──────── Records to process

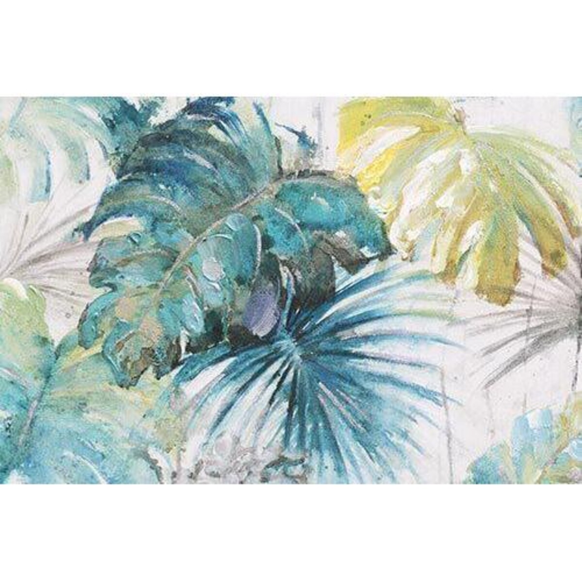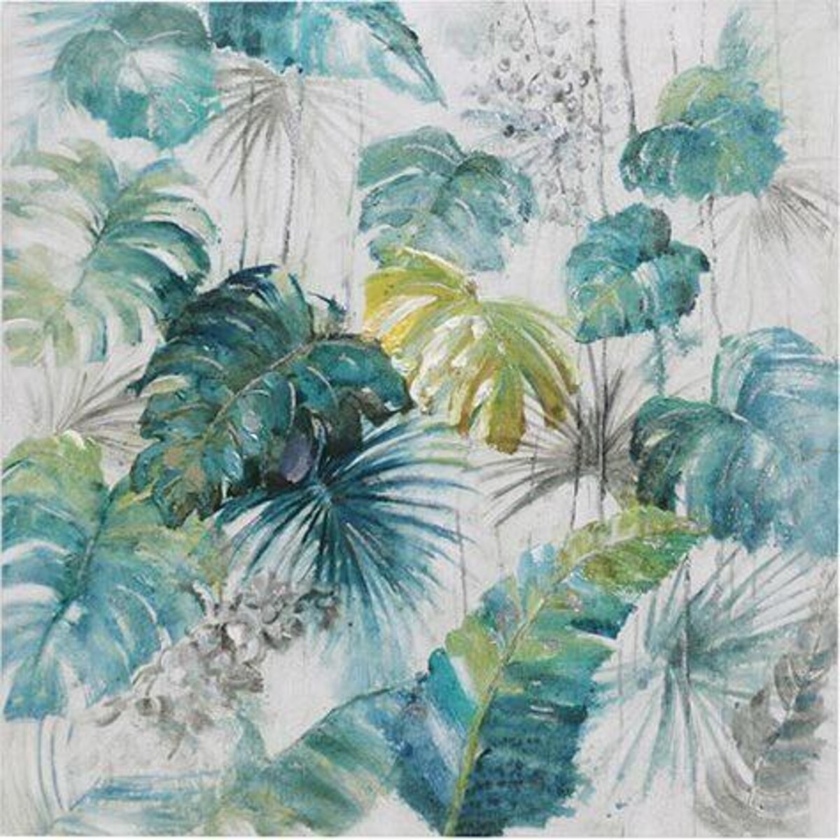 This square canvas is 100 cm in height and 100 in width and thus with its size and proportions shall dominate the wall. The varieties of greens explored on the backdrop of paleness makes the detailing all the more riveting and hypnotic in its beauty. The tropical forest is perhaps the liveliest place to depict - filled with the clamoring for more - glossy leaves, new born struggling their way up from the undergrowth that us dense, broad and handsome foliar structures in palms and monsterias, abjectly healthy and forever filled with life. Add that stupendous beauty of where life truly resides on your walls and make the greens apart of the décor. The artist has played around as much with depth as with form and colour using a masked way of conveying the beauty nature through merely a description of leaves. Understated, but not the kind that can be ignored, owing much to its vividness and detailing.
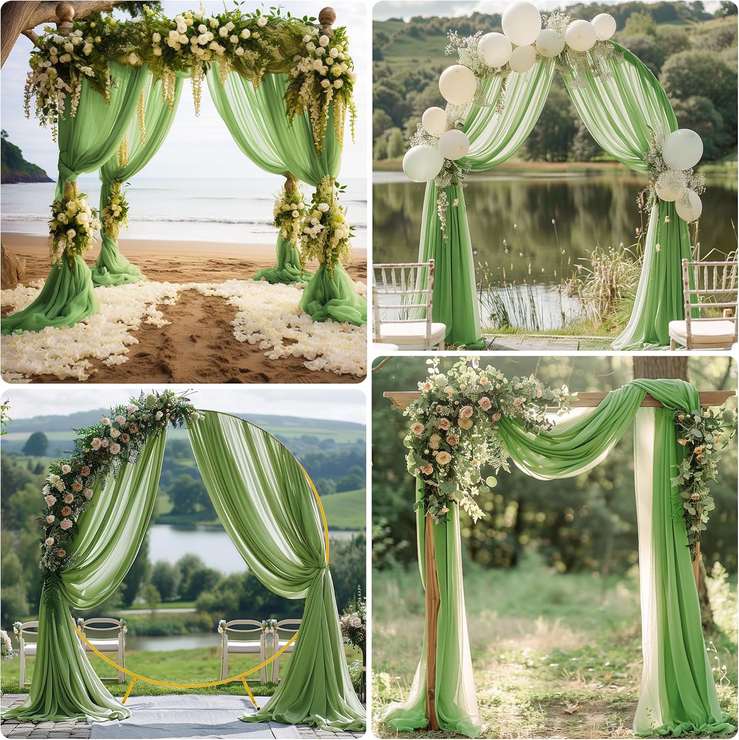 Wedding Arch Draping Fabric 1 Panel 28.7" x 20FT Sage Green Sheer Chiffon Backdrop Drapes for Wedding Ceremony Birthday Party Bridal Shower Outdoor Decoration
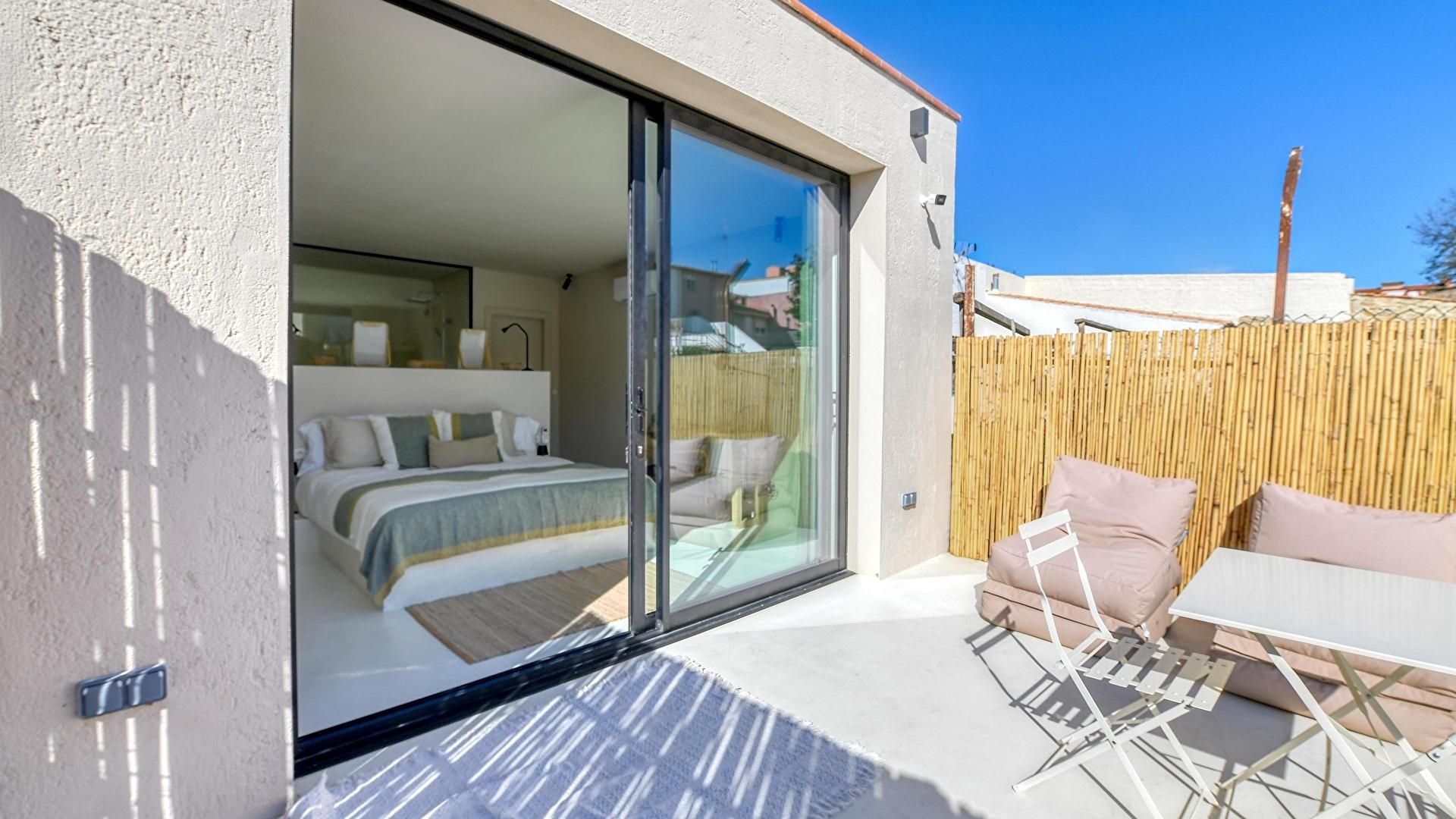 Schlafzimmer mit 1 doppelbett, bad mit badewanne (en suite) und ausgang zur terrasse-solarium.
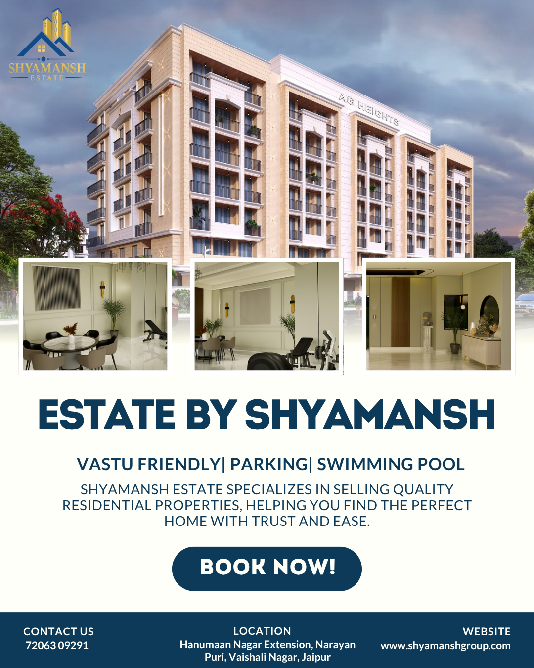 Thinking of investing in Jaipur real estate? Explore properties in fast-developing areas like Ajmer Road, Jagatpura, and Vaishali Nagar with Shyamansh Estate. From budget flats to premium villas, we help you buy property in Jaipur that matches your needs and future value. Get full support and verified deals from the best property dealer in Jaipur.
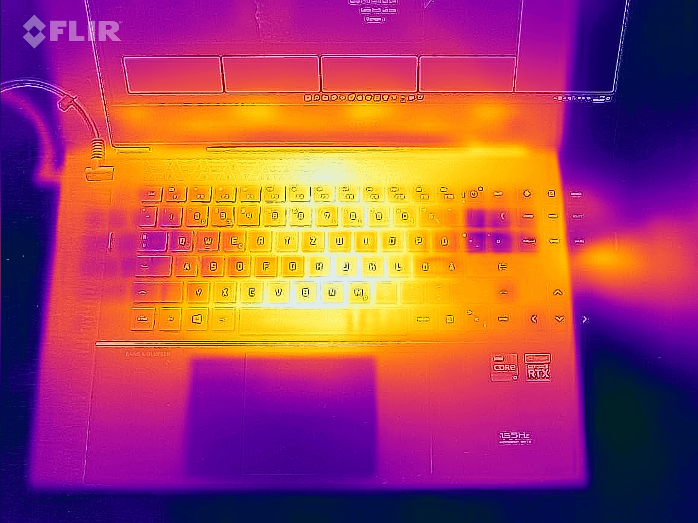 (+) The palmrests and touchpad are reaching skin temperature as a maximum (34 °C / 93.2 F) and are therefore not hot.
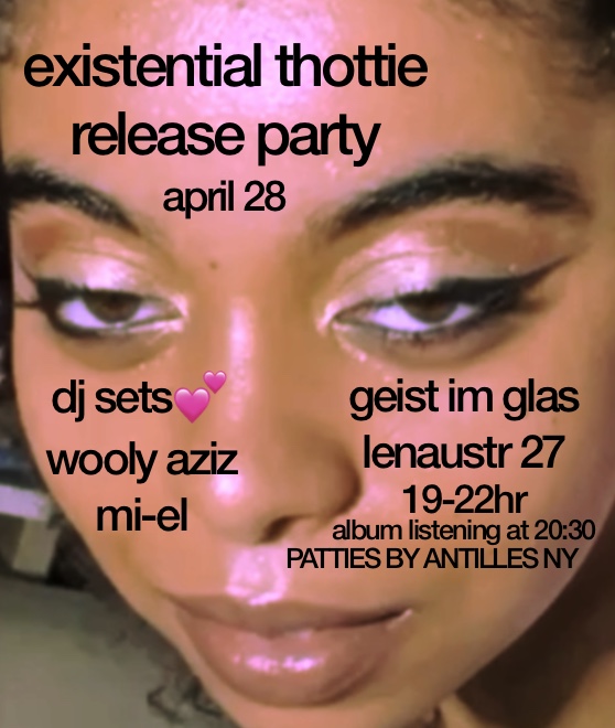 To celebrate the release, duendita will host an existential thottie listening event in Berlin on April 28, featuring DJ sets from wooly aziz and mi-el, Caribbean patties by antilles NY and an album playback at 10:30pm along with a short performance.
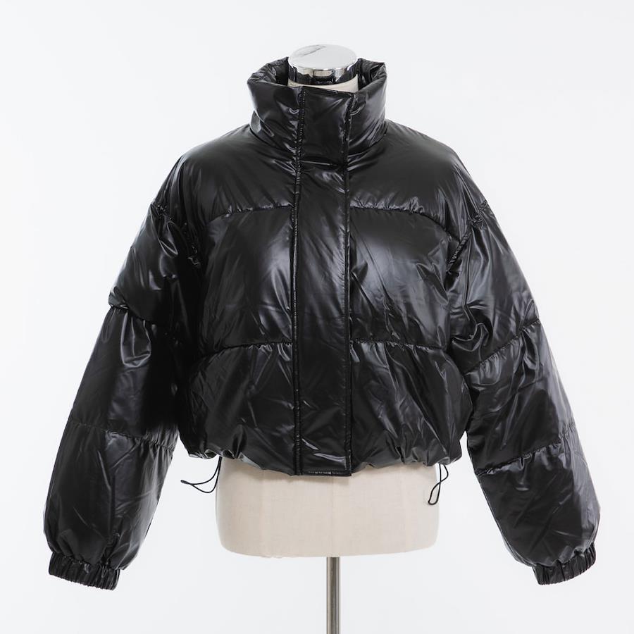 ◆Designキラッとした光沢のある素材が特徴的で、インパクトのあるデザインが目を引きます。両脇裾にある絞りでキュッとコンパクト丈に◎襟元はハイネックデザインで風を通しにくいです。ストリート系やカジュアルスタイルにぴったり。内側には中綿がしっかりと詰められていて、防寒性に優れています。

────────────────

# [Exercise instructions]
All of the entries above need to be repeated exactly, minus the pictures.

# [Answer to the exercise]
 This square canvas is 100 cm in height and 100 in width and thus with its size and proportions shall dominate the wall. The varieties of greens explored on the backdrop of paleness makes the detailing all the more riveting and hypnotic in its beauty. The tropical forest is perhaps the liveliest place to depict - filled with the clamoring for more - glossy leaves, new born struggling their way up from the undergrowth that us dense, broad and handsome foliar structures in palms and monsterias, abjectly healthy and forever filled with life. Add that stupendous beauty of where life truly resides on your walls and make the greens apart of the décor. The artist has played around as much with depth as with form and colour using a masked way of conveying the beauty nature through merely a description of leaves. Understated, but not the kind that can be ignored, owing much to its vividness and detailing.
 Wedding Arch Draping Fabric 1 Panel 28.7" x 20FT Sage Green Sheer Chiffon Backdrop Drapes for Wedding Ceremony Birthday Party Bridal Shower Outdoor Decoration
 Schlafzimmer mit 1 doppelbett, bad mit badewanne (en suite) und ausgang zur terrasse-solarium.
 Thinking of investing in Jaipur real estate? Explore properties in fast-developing areas like Ajmer Road, Jagatpura, and Vaishali Nagar with Shyamansh Estate. From budget flats to premium villas, we help you buy property in Jaipur that matches your needs and future value. Get full support and verified deals from the best property dealer in Jaipur.
 (+) The palmrests and touchpad are reaching skin temperature as a maximum (34 °C / 93.2 F) and are therefore not hot.
 To celebrate the release, duendita will host an existential thottie listening event in Berlin on April 28, featuring DJ sets from wooly aziz and mi-el, Caribbean patties by antilles NY and an album playback at 10:30pm along with a short performance.
 ◆Designキラッとした光沢のある素材が特徴的で、インパクトのあるデザインが目を引きます。両脇裾にある絞りでキュッとコンパクト丈に◎襟元はハイネックデザインで風を通しにくいです。ストリート系やカジュアルスタイルにぴったり。内側には中綿がしっかりと詰められていて、防寒性に優れています。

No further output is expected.